German industrial giant Siemens on Thursday said large orders for trains boosted earnings in the third quarter, helping to offset problems in its troubled wind energy business.
Between April and June, the group said it booked a net profit of € 1.4 billion ($1.5 billion), compared with a € 1.5-billion loss over the same period a year earlier.
Last year's loss was mainly down to a hefty impairment of its stake in Siemens Energy.
The same subsidiary reported a record loss on Monday as it counts the costs of fixing technical issues affecting its onshore wind turbines.
The Siemens group however said it had benefited from strong growth in other divisions in its third fiscal quarter, including major contracts for trains in Germany and a high-speed rail line in Egypt.
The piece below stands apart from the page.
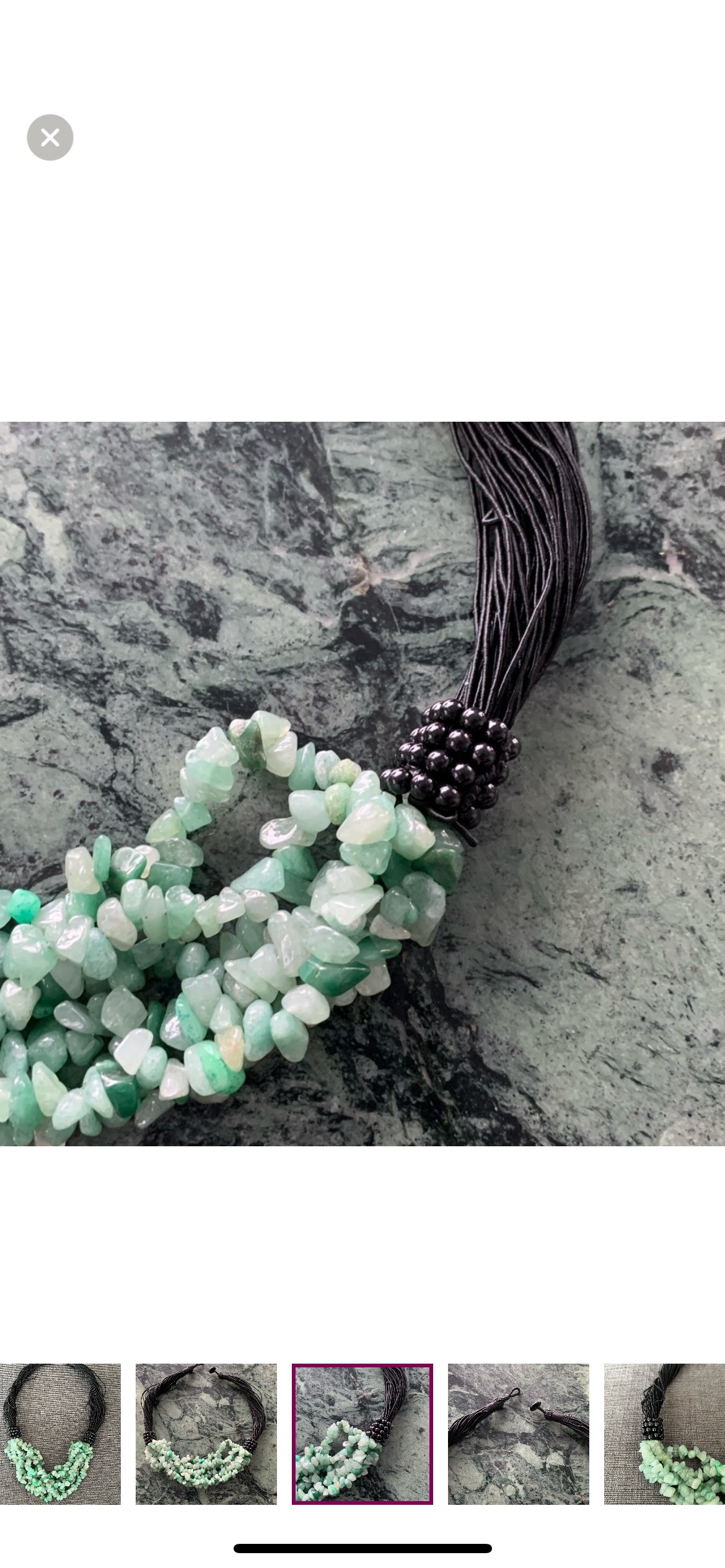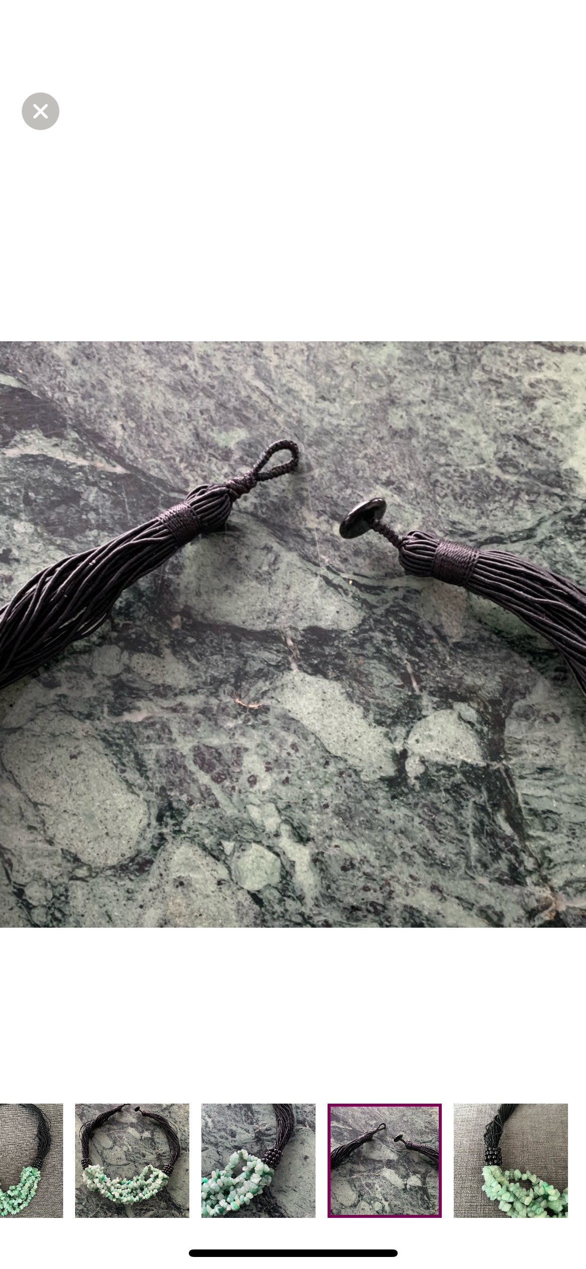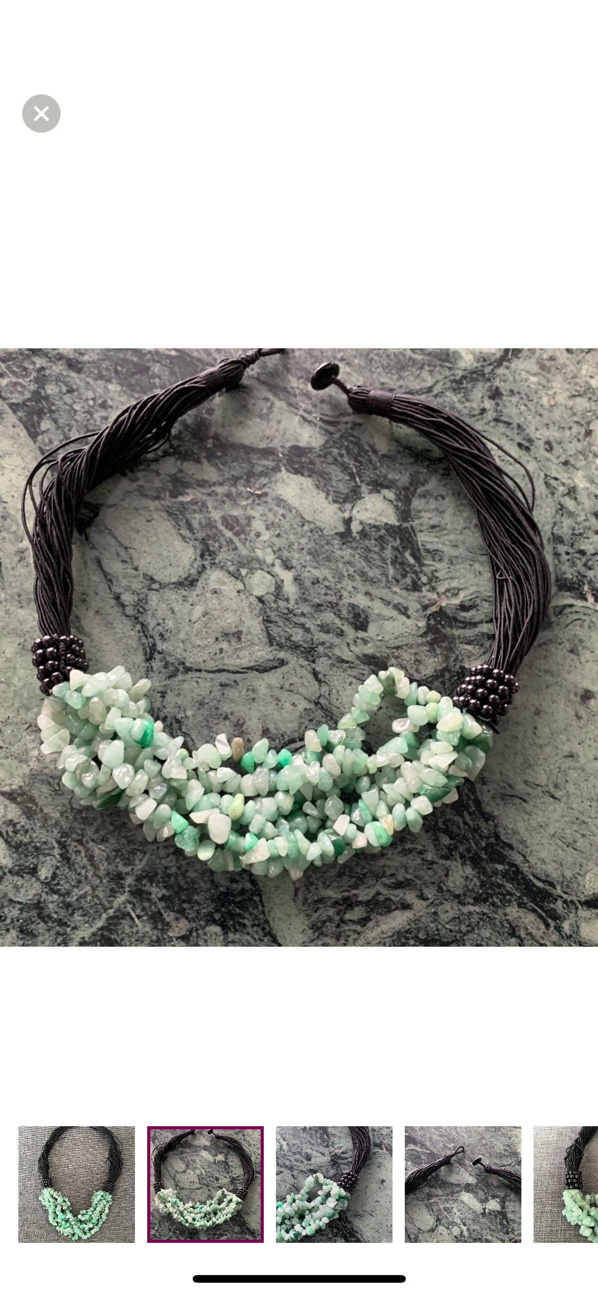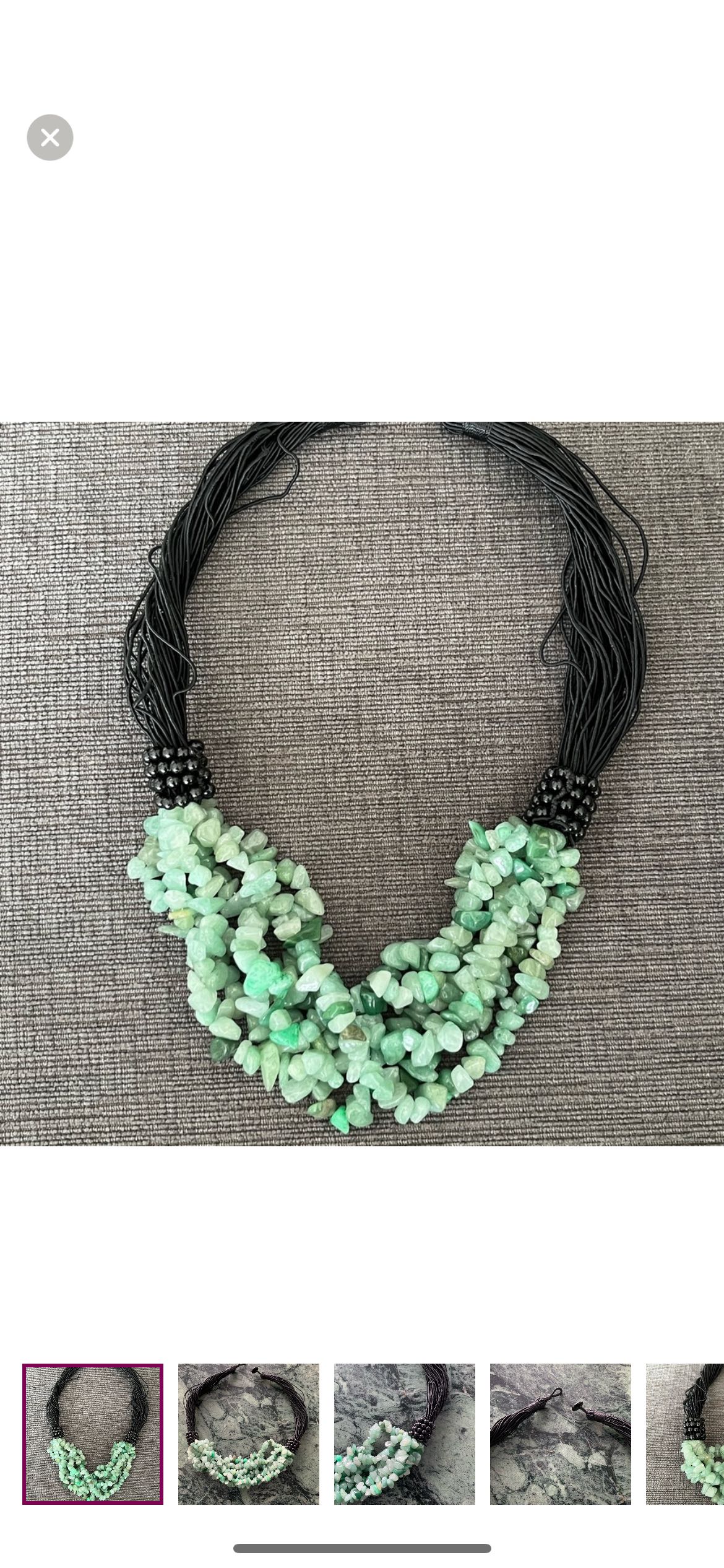 Semi precious Jade chip stones on black twisted multi cord necklace Button style closure Slightly longer than choker length Like new- literally worn once

The conglomerate's smart infrastructure and digital industries units also performed well, lifting Siemens' overall revenues by 10 per cent year-on-year to 18.9 billion euros.
"We again achieved profitable growth and showed our competitive strength across all our businesses," CEO Roland Busch said in a statement.
The group confirmed its full-year target of achieving comparable revenue growth in the range of 9-11 per cent.
Siemens however lowered its outlook for digital industries, which includes factory automation products. The division is now expected to see comparable revenue growth of 13-15 per cent, compared with 17-20 per cent previously.
The downgrade comes after orders at digital industries fell by 35 percent over the quarter even as revenues rose by 11 per cent.
Orders at the division "were down in all regions, but most notably in China," Siemens said.